Ao abordar os desafios do pós-COP30, André Corrêa do Lago destacou a urgência de dar continuidade aos compromissos assumidos e ampliar a participação social nos processos de implementação das decisões climáticas. 

“A COP30 não é apenas um evento, mas parte de um processo essencial para o futuro do planeta”, afirmou. 

Ele também ressaltou que a crise climática já não pode ser dissociada das desigualdades sociais e da qualidade de vida global, exigindo respostas mais rápidas, éticas e integradas.  

Dom Jaime Spengler reforçou que esse caminho exige mais do que respostas técnicas: 

É preciso considerar também as dimensões ética, estética e espiritual no cuidado da Casa Comum”, destacou. 

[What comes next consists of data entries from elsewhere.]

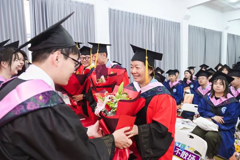 典礼上,毕业生代表向教师献上鲜花表达感恩之心,全体毕业生在主会场的带领下集体宣读毕业誓词《青春有为》,将毕业典礼推向高潮。在典礼结束之际,全体毕业生共同献唱歌曲《再见》,用歌声把校园时光凝结于此,也用歌声表达着对未来最美好的祝福。
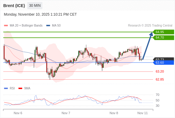 在 63.60 之上,看涨,目标价位为 64.70 ,然后为 64.95 。
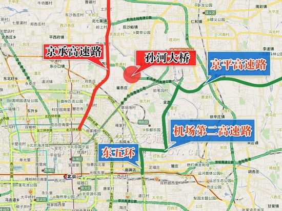 (三)由京密路方向出京的車輛,可經(jīng)東五環(huán)路、機(jī)場(chǎng)第二高速路、京平高速路至順義、平谷繞行。
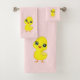 Desenho de Frango Fofo em conjunto de Toalhas rosa claro.
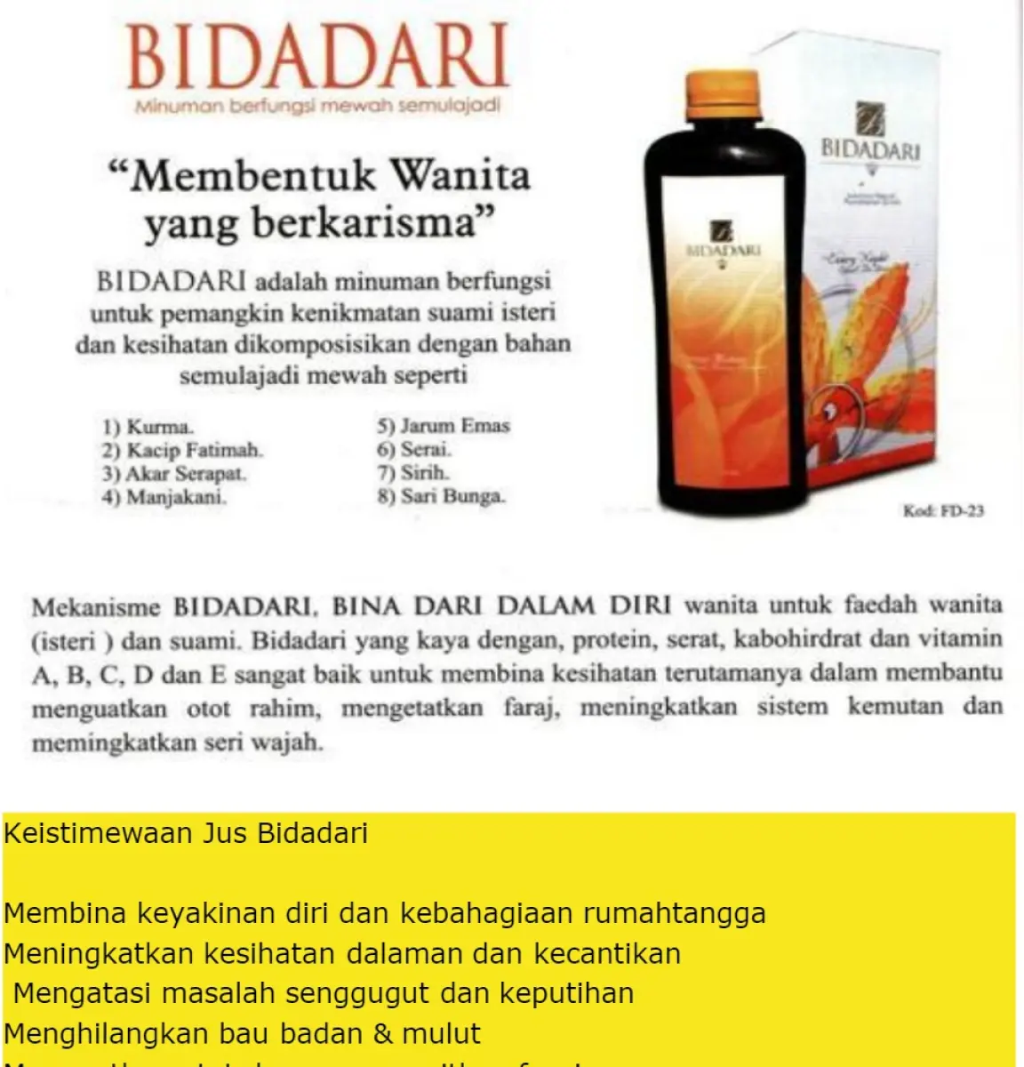 Jus Bidadari 350 Ml Mengatasi Masalah Senggugut Dan Keputihan Menghilangkan Bau Badan Mulut Menguatkan Otot Dan Menyempitkan Faraj Membina Dan Mengecutkan Rahim Menegangkan Payudara Lazada
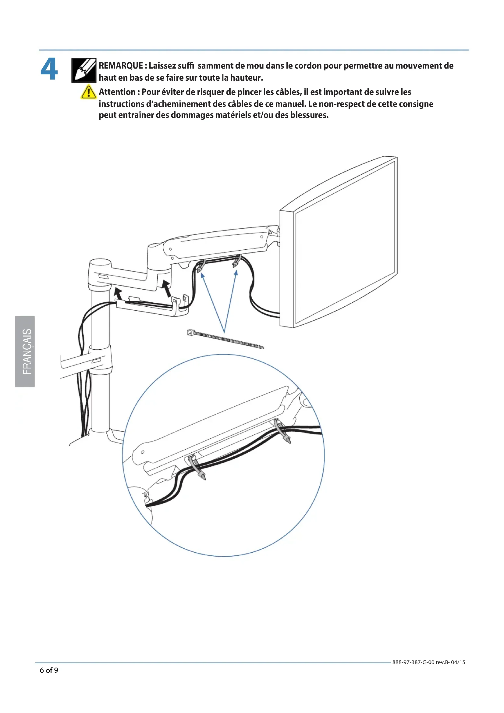 Attention: Pour éviter de risquer de pincer les câbles, il est important de suivre les instructions d'acheminement des câbles de ce manuel. Le non-respect de cette consigne peut entrainer des dommages matériels et/ou des blessures.

Já Stela Herschmann apontou o desafio do ritmo das mudanças: 

Há um descompasso entre a velocidade das negociações e a crise que já está posta”, alertou. 

Ela também reconheceu que, embora os avanços ainda sejam insuficientes, a COP30 gerou uma mobilização global que precisa continuar crescendo. 

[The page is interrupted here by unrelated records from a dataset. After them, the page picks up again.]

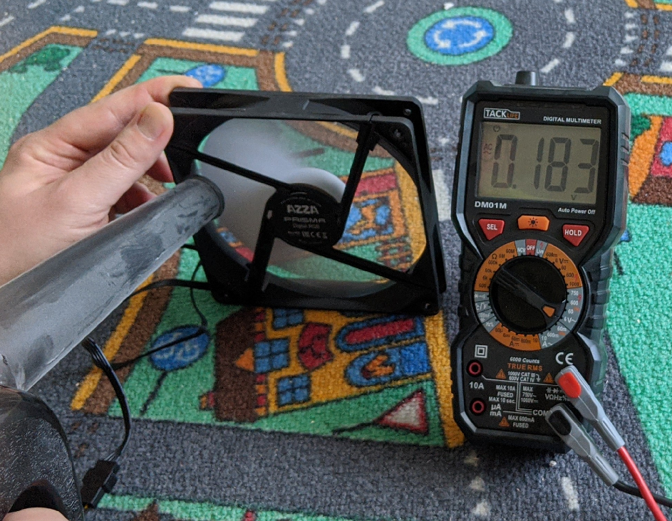 8,06 V und 2,52 mA bei Vollgas. Diesmal wurde ein 3Pin Lüfter für den Versuch genutzt.
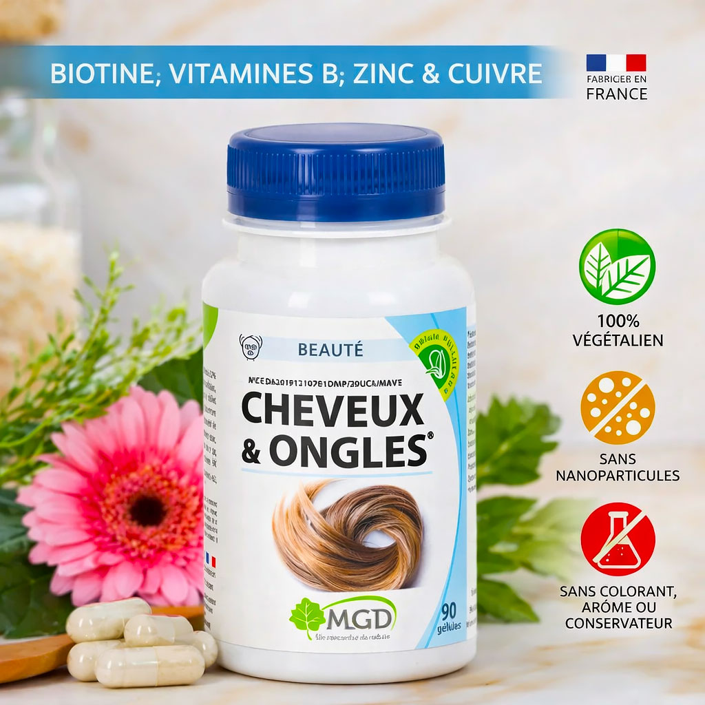 MGD Cheveux & Ongles est un complément alimentaire spécialement formulé pour contribuer à la beauté et à la vitalité des cheveux et des ongles. Sa formule associe biotine, vitamines du groupe B, zinc et cuivre, des nutriments essentiels reconnus pour leur rôle dans le maintien de cheveux forts et d’ongles résistants.
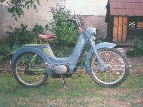 Tohoto mopeda jsem koupil za 1 800,- Kč na podzim roku 2003. Jawettce chybělo táhlo k zadní brzdě, něměla pár originálních dílů, ale stačilo vyčistit karburátor a byla připravena vyrazit do ulic. Jelikož je ale lak ve špatném stavu, bude v budoucnu nastříkán do originální světle modré barvy se zlatými linkami. |
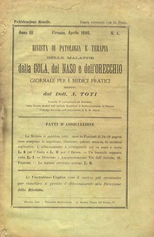 RIVISTA di patologia e terapia delle malattie della gola, del naso e dell'orecchio. Giornale per i medici pratici diretto da A. Toti. Anno III. N. 4. Firenze aprile 1896.
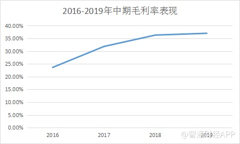 除此之外,公司毛利率也逐年提升。截至2019年6月30日,公司实现毛利8.3亿元,同比增长62.6%;毛利率为37.0%,同比增长0.7个百分点;2016-2019年间,公司毛利率均处于上升态势,增速略出现放缓。
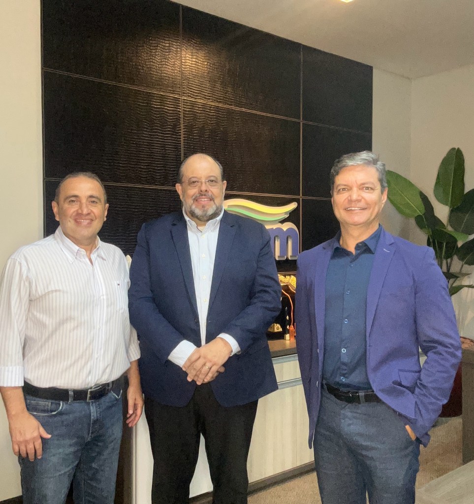 O diretor-presidente da J. Regiani Consultoria, João Regiani (ao centro), esteve nesta sexta-feira (31/01) na Associação Comercial e Empresarial de Maringá (ACIM) para uma reunião estratégica com o presidente da entidade, José Carlos Barbieri (direita), e o presidente do Conselho de Desenvolvimento Econômico de Maringá (CODEM), Mohamad Ali Awada (esquerda).
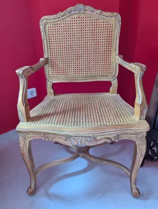 Elegante butaca de estilo clásico, perfecta para añadir un toque distinguido a cualquier espacio. - Estructura de madera con detalles tallados. - Asiento y respaldo en rejilla. - Acabado en tonos beige y dorado. Precio unidad.Tengo 2 unidades.
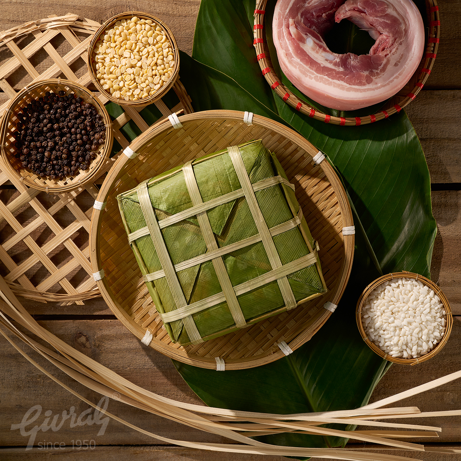 Thành phần: Gạo nếp, Đậu xanh, Thịt heo, Dầu thực vật tinh luyện, Nước cốt lá riềng, Nước mắm, Hạt nêm, Tiêu, Muối.
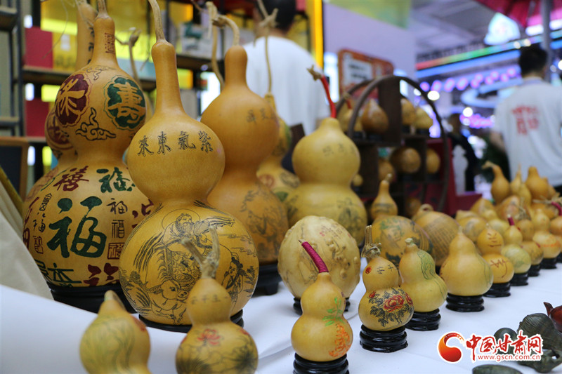 走進(jìn)第三十屆蘭洽會(huì)非遺文創(chuàng)館,陳氏雕刻葫蘆的第二代傳人陳兵正在展臺(tái)前為駐足參觀的群眾講解著刻葫蘆的過(guò)程。
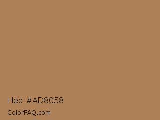 Hex #ad8058 Color is a normal orange color and the nearest color is French Beige #a67b5b. Hex code #ad8058 and RGB value is rgb(173,128,88). In RGB color space, this color is composed of 68% red, 50% green, 35% blue, In CMYK color space, this color is composed of 0% cyan, 26% magenta, 49% yellow , 32% black , In HSL color space, this color has a hue angle of 28° , 34% saturation and 51% lightness.
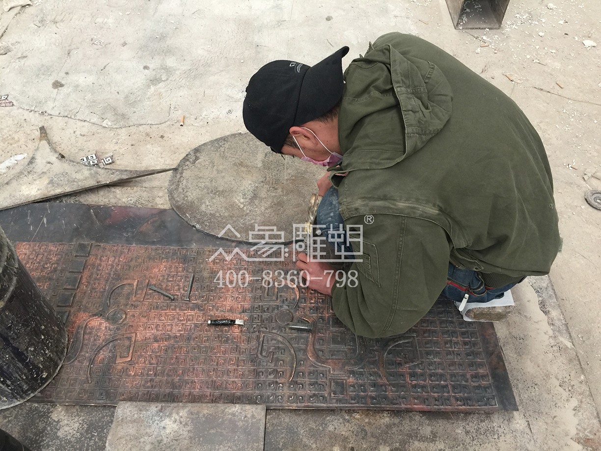 师傅正在锻造图案。
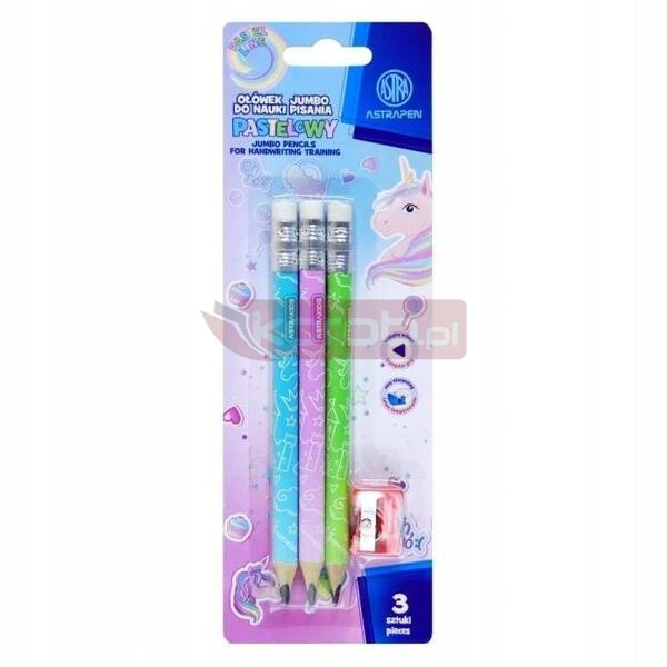 ASTRA OŁÓWEK TRÓJKĄTNY DO NAUKI PISANIA 3 szt + temperówka JEDNOROŻEC 4937

Caminho construído com as juventudes 

A presença no encontro pós-COP30 expressa um percurso já consolidado pelo MAGIS Brasil no campo da justiça socioambiental. Nos últimos anos, a Rede tem articulado espiritualidade, formação e incidência pública junto às juventudes. 

Esse caminho inclui participação em espaços eclesiais rumo à COP30, mobilizações juvenis em Belém e iniciativas voltadas à economia solidária e à justiça climática. Em 2025, por exemplo, o MAGIS esteve em encontros com jovens e movimentos sociais para fortalecer alianças e ampliar a incidência política das juventudes. 

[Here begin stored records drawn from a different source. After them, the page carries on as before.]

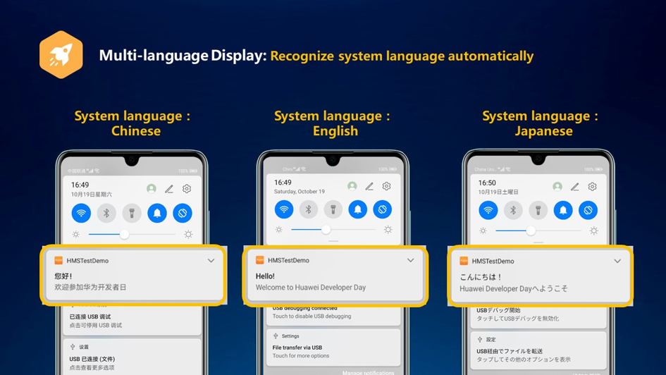 هل تحتاج الرسالة إلى التكيف مع البلدان واللغات المختلفة؟ الوقت الموفر للمطورين هو أن أدوات الدعم تدعم عرض الرسائل متعددة اللغات. يقوم النظام تلقائيًا بقراءة محتوى الحقل المقابل في التطبيق وتحويله إلى إعداد اللغة في نظام المستخدمين ، مما يزيد بشكل كبير من جاذبية المستخدمين.
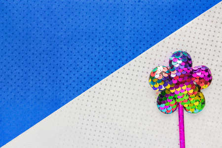 magic stick from sequins in flower shape on blue glitter background. Creative flat lay close up
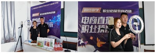 電商直播作為網(wǎng)絡(luò)直播的商業(yè)化應(yīng)用,逐漸成為擴(kuò)大內(nèi)需、助推內(nèi)循環(huán)的新引擎。在本次活動(dòng)中,2019級市場營銷1班許明澤與鄧陳丹兩位學(xué)生通過現(xiàn)場搭建電商直播間進(jìn)行了電商直播職業(yè)技能的展示。在同學(xué)們的眼中直播的設(shè)備與場景是那么得新奇、有趣,在他們的心中埋下的職業(yè)與夢想的種子。通過觀看哥哥姐姐們的直播展示,臺下的同學(xué)們興奮不已,躍躍欲試,爭先恐后地上臺參與到直播體驗(yàn)中。在兩位主播的耐心引導(dǎo)下,參與的同學(xué)們自信地模仿著,直觀地了解職業(yè)教育、認(rèn)識職業(yè)教育、體驗(yàn)職業(yè)教育的精彩,切身感受到職業(yè)教育的魅力。
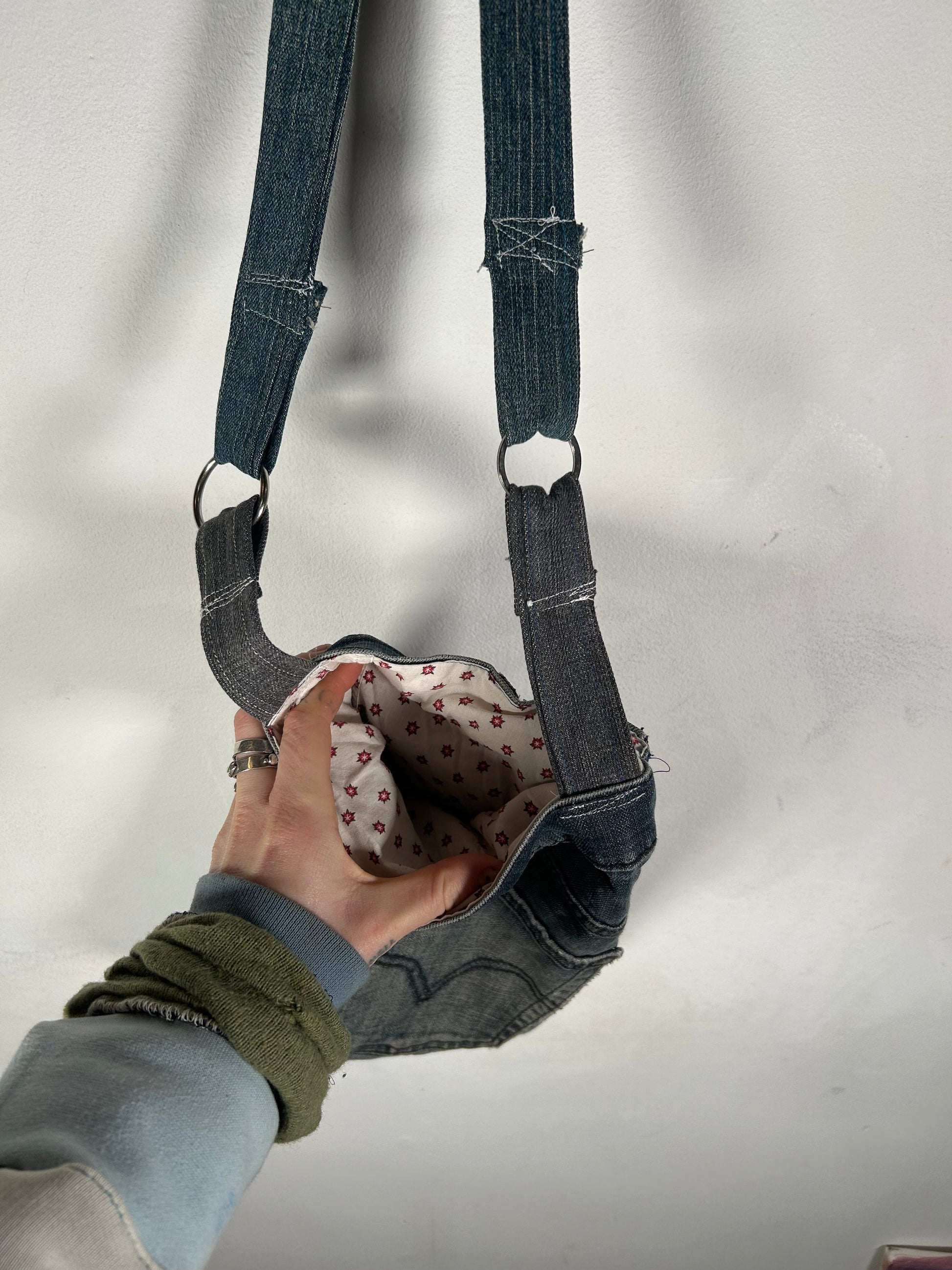 Repurposed from scrap jeans, a cross body handbag with useful side pockets from the original trousers. Lined with pre-loved shirt fabric.

Também integrou espaços institucionais, como uma sessão especial na Assembleia Legislativa do Pará, onde juventudes amazônidas defenderam políticas públicas e participação ativa nos debates sobre a crise climática. 

Comunicação a serviço da ecologia integral 

Outro eixo estratégico dessa caminhada tem sido a comunicação. Em parceria com a articulação Igreja Rumo à COP30, o MAGIS Brasil produziu o podcast “Igreja rumo à COP30”, que deu visibilidade a experiências e lideranças de diferentes territórios. 

“A Articulação que a Igreja no Brasil criou por ocasião da COP30 é reconhecida por inúmeros atores eclesiais e da sociedade civil pelo marco histórico que gerou”, afirma Eduardo Nischespois Scorsatto, um dos secretários da Articulação Rumo a COP 30, da CNBB. 

Ao destacar a atuação da Rede, ele reforça: 

“O MAGIS Brasil foi um parceiro determinante na difusão do apelo por justiça climática e por um novo paradigma, o da Ecologia Integral.” 

Espiritualidade e compromisso com a Casa Comum 

O encontro também foi marcado por momentos de oração e espiritualidade, que retomaram o clamor da Terra e dos povos mais vulnerabilizados. Essa dimensão reforça a urgência de uma conversão ecológica e de uma presença eclesial comprometida com a vida. 

A participação do MAGIS Brasil no encontro pós-COP30 reafirma o compromisso da Rede em formar juventudes capazes de discernir os sinais do tempo e atuar na transformação da realidade. Em sintonia com o eixo de Justiça Socioambiental e com as Preferências Apostólicas Universais da Companhia de Jesus, a Rede segue sua missão de formar jovens “contemplativos na ação”, comprometidos com a ecologia integral e a defesa da vida.